Following his re-election loss, Chiu blamed China’s attacks on him as one of the reasons he was defeated. According to an article in the National Post, former Canadian diplomat Charles Burton warned Chiu about the disinformation campaign on WeChat, “but there seemed little they could do about it.”
It is difficult to measure direct impact of such messages on election outcomes, especially given community concerns about the recent uptick in anti-Asian racism and the COVID-19 pandemic more broadly. Prior to the election, polling firm Mainstreet Research found that nearly two-thirds of self-identified Chinese voters surveyed stated that they would be supporting non-Conservative candidates, a change from previous voting behavior. In the case of former MP Kenny Chiu, he lost his re-election bid to Liberal Party candidate Parm Bains by nine points, a swing of more than 15 points from his prior election.

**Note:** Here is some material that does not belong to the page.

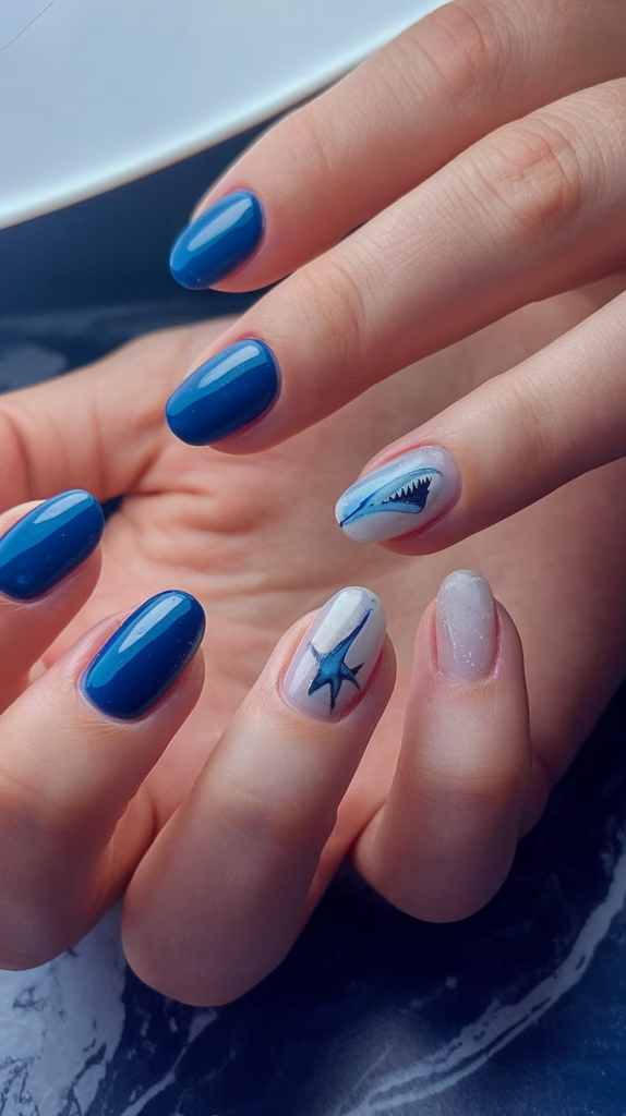 This short, rounded gel nails look captures the drama of the deep sea with its combination of intense blue polish and marine motifs. A sleek shark silhouette and a starfish add a touch of art sea storytelling, balancing edge with cute appeal. This style is ideal for those wanting a modern marine twist without going overboard.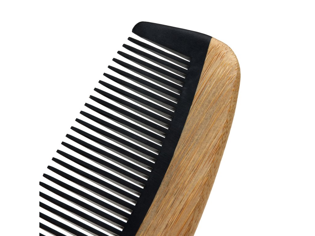 Ergonomicky tvarovaná zadná časť dodáva hrebeňu moderný vzhľad a zároveň zabezpečuje ľahké a pohodlné používanie. Bambus je vynikajúci materiál - ekologický a odolný, odolnejší voči vlhkosti ako drevo. Jemné zakrivenie zaisťuje bezpečné uchopenie a presné manévrovanie pri úprave vlasov na dosiahnutie profesionálnych výsledkov. Hrebeň má jemné, tesne rozmiestnené zuby v odtieňoch čiernej farby na jednoduché rozčesávanie. Zuby sú šetrné k vlasom, minimalizujú riziko poškodenia a zanechávajú pramene hladké a lesklé.

On top of this, following the election, the Chinese Canadian Conservative Association — a group representing Conservative-leaning Chinese voters in Canada — urged Conservative MP Erin O’Toole to resign, stating that the party’s anti-China stance alienated Chinese Canadian voters and ultimately cost Conservatives the election. They also urged the party to take a less “confrontational” stance toward China, as the use of racist tropes and othering language by some party members could foment hatred against the Chinese community. The unfortunate second-order effect of this is that authoritarian countries like China and Russia weaponize such societal cleavages to achieve their own interests.
The case of the Canadian 2021 election underscores that perhaps one of the areas with most “promise” for China in turning its online influence into offline mobilization is through influencing the debates taking place within Chinese diaspora communities in democratic countries. The Chinese government has a direct line of sight into and a degree of editorial control over the content these communities consume due to the nature and structure of WeChat’s platform, while evidence shows how Chinese state narratives travel from official sources to appear on WeChat programs specifically tailored to the diaspora community. Most troublingly, even if the confluence of China-backed narratives and changes in voting behavior is entirely coincidental, the message the Chinese Communist Party may be receiving is that its attempts to influence voter behavior led to favorable election results. As China’s attempts to influence debates around the world in its favor, ensuring access to multilingual sources of independent, fact-based news and information may help build up community resilience to foreign influence campaigns.